Exercise brief = Beginning at the line that contains "Konferenztisch System MODUL, manuell", reproduce the entries below exactly, ending with the line that contains "公司高階管理層在升旗儀式上帶". Omit each picture.

[Supplied information — start]

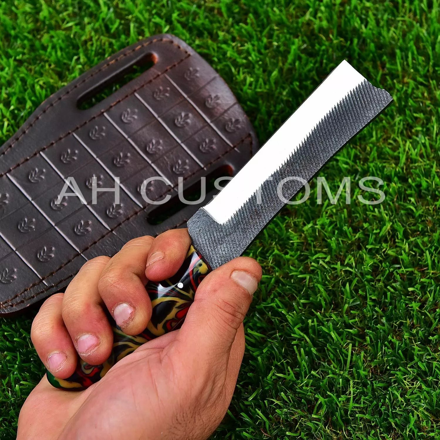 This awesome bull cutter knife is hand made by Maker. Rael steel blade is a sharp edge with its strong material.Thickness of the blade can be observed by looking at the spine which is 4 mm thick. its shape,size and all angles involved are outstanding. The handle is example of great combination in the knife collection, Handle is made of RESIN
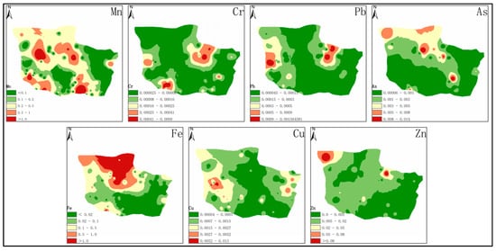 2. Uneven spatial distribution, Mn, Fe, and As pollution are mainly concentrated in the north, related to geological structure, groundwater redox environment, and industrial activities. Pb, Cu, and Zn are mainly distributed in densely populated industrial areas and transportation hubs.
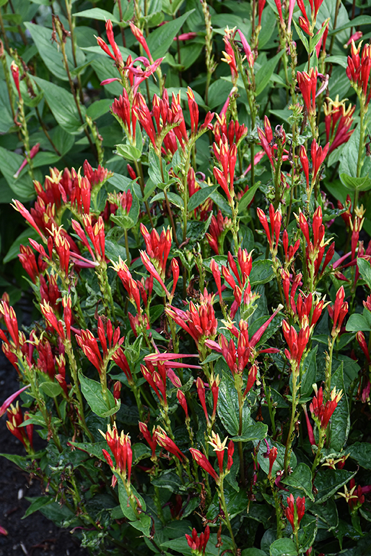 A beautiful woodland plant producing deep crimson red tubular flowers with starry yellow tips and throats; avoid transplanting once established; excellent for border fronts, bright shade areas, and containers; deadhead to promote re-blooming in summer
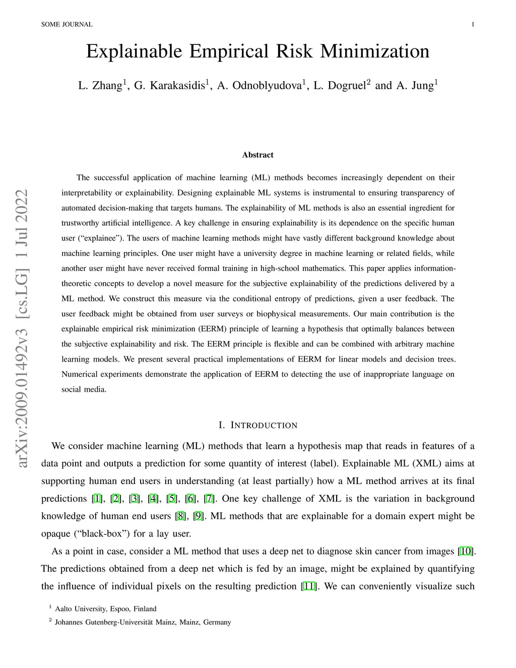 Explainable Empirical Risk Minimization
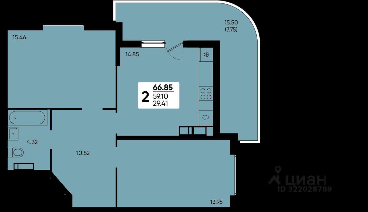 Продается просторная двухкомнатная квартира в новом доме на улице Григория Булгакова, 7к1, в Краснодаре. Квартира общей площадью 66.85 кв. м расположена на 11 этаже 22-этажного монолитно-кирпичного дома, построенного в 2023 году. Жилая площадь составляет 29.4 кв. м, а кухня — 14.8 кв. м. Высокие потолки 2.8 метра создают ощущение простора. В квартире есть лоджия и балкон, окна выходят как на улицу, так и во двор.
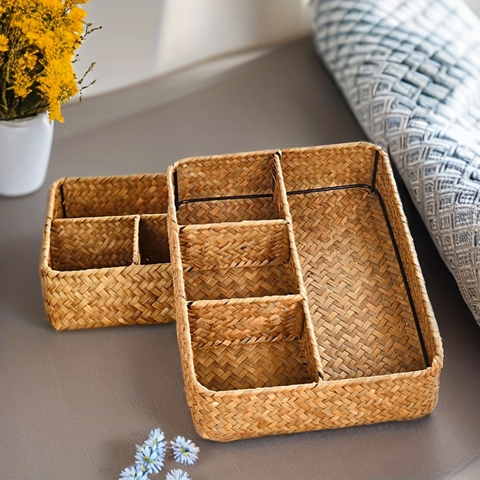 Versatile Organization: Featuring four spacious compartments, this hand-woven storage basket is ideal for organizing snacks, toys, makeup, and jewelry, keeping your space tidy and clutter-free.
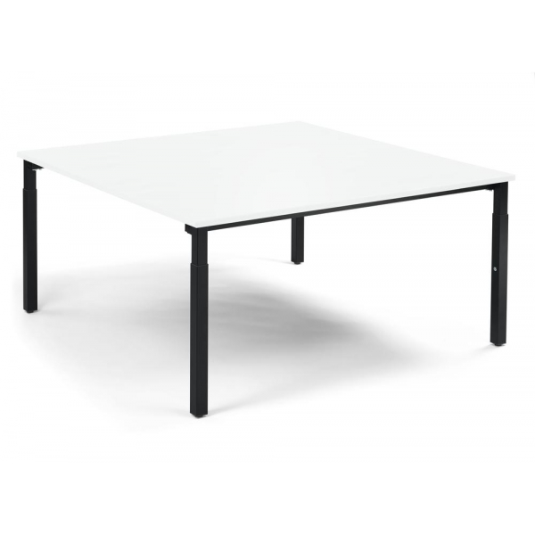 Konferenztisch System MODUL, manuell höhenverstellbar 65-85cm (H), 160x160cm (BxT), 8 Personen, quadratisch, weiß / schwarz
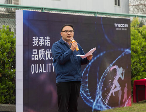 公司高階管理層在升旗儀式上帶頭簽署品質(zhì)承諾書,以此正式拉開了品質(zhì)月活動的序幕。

[Supplied information — finish]
[Supplied information — start]

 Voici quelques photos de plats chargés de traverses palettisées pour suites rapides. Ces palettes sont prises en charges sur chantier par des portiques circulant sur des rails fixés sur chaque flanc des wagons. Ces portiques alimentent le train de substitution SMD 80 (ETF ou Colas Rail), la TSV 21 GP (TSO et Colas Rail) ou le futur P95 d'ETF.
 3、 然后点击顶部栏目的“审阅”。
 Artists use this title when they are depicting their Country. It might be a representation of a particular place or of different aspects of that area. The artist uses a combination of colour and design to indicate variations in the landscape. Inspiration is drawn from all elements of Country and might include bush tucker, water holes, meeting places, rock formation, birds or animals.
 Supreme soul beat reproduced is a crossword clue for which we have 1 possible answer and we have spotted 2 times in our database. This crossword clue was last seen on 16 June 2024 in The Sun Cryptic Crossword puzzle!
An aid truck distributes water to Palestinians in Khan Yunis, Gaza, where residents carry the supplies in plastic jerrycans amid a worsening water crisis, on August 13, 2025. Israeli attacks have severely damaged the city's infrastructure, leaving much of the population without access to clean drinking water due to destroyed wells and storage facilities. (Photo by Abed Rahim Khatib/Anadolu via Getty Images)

[Supplied information — finish]

Task response =
 Konferenztisch System MODUL, manuell höhenverstellbar 65-85cm (H), 160x160cm (BxT), 8 Personen, quadratisch, weiß / schwarz
 公司高階管理層在升旗儀式上帶頭簽署品質(zhì)承諾書,以此正式拉開了品質(zhì)月活動的序幕。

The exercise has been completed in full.